Diálogos com o Espírito Eugênia

Publicado no site: http://www.saltoquantico.com.br em 12 de março de 2004.

Terapia de Vidas Passadas, Mentores Espirituais e Mentores Encarnados – Diálogo com Eugênia.

 

Muitas vidas

 Benjamin Teixeira
pelo espírito
Eugênia.

A Terapia de Vidas Passadas realmente é tão boa como outras técnicas catárticas ou ela, em verdade, não passa de mais um modismo?

Toda técnica catártica eficaz traz o selo da cura, já que o indivíduo remonta às causas profundas que geram seus transtornos de personalidade e, assim, remove-as ou trata-as. A Terapia Regressiva a Vivências Passadas (*1) é uma dessas técnicas eficazes, quando bem feita.

É a melhor, Eugênia?

Não existe terapia melhor. Existem metodologias mais aplicáveis a esse ou aquele caso, a esse ou aquele contexto, a essa ou aquela interação paciente-terapeuta, a esse ou aquele indivíduo. Portanto, não podemos, de antemão, apontar uma técnica como a melhor a resolver todos os problemas existenciais do ser humano.

Alguém pode melhorar apenas com um bom aconselhamento?

Há pessoas que revolucionam suas vidas ou descobrem o propósito de estar na Terra, apenas ao ouvir uma frase, assistir a um filme, ver uma criança carente na via pública. Há outros indivíduos que levam anos em consultórios psicanalíticos e não passam dos primeiros passos do processo de elaboração de suas questões. Portanto, cada caso é um caso.

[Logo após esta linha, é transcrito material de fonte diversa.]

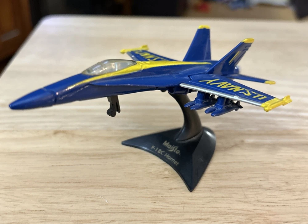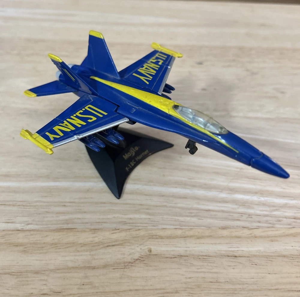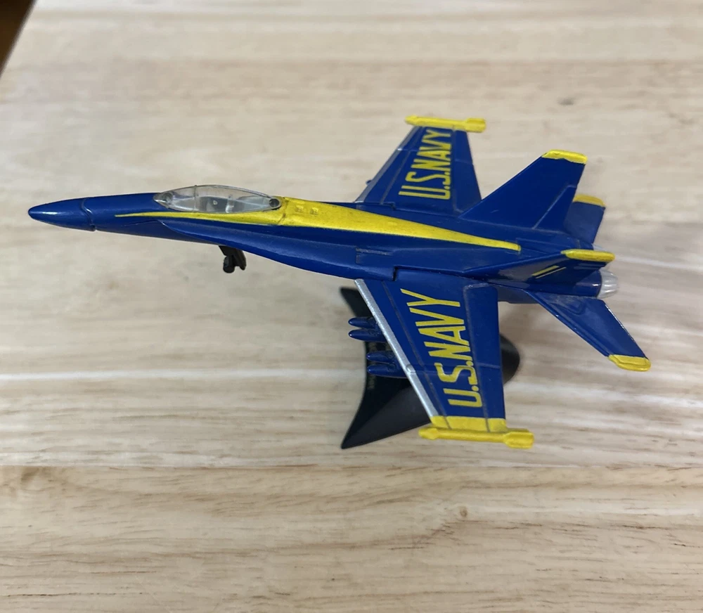 This MAISTO FA 18C model is a highly detailed diecast metal plane that is perfect for collectors and enthusiasts. With its beautiful blue and yellow color scheme, this model is a great representation of the U.S. Navy's aircraft. The plane is made to a 1:8 scale and features intricate details such as moving parts and a removable canopy. This model is a great addition to any collection and is sure to impress. Its quality craftsmanship and attention to detail make it a must-have for any diecast metal plane enthusiast. Get your hands on this amazing model today!

Tem algo a dizer sobre o assunto?

Que as pessoas deveriam valorizar mais as fontes de aconselhamento e de apoio, sejam profissionais ou fraternas. Deus socorre a criatura por meio da própria criatura. Há muita gente esperando que o próprio Criador, em Pessoa, venha lhes aconselhar sobre o melhor a fazer. Não percebem como entronizam o orgulho em suas almas, perdendo contato com a realidade e, com isso, bloqueando os canais por onde a Divina Providência adentraria suas vidas, para auxiliá-las. Em vez de pretendermos buscar falar diretamente com Seres indiscutivelmente superiores, porque não nos ouvir uns aos outros. Às vezes, no consultório de um psicólogo, na voz de um sacerdote, no conselho de um amigo ou um familiar muito querido e de confiança, recebemos a resposta de Deus para nossos dramas. Todas as criaturas deveriam estabelecer uma disciplina de busca sistemática de aconselhamento e/ou suporte psicoterápico, obviamente conforme resultados e afinidades considerados. Ao menos uma vez na semana, todas as pessoas deveriam ter alguém com quem desabafar e falar, sem reservas, sobre suas problemáticas mais íntimas, perturbadoras e pessoais.

Tenho dito nos programas de TV que são dois os caminhos, duas as disciplinas, dois os hábitos fundamentais para nos mantermos conectados a Deus: a prece (individual), a freqüência ao culto coletivo de busca de Deus (coletivo). Deveríamos incluir esse outro elemento?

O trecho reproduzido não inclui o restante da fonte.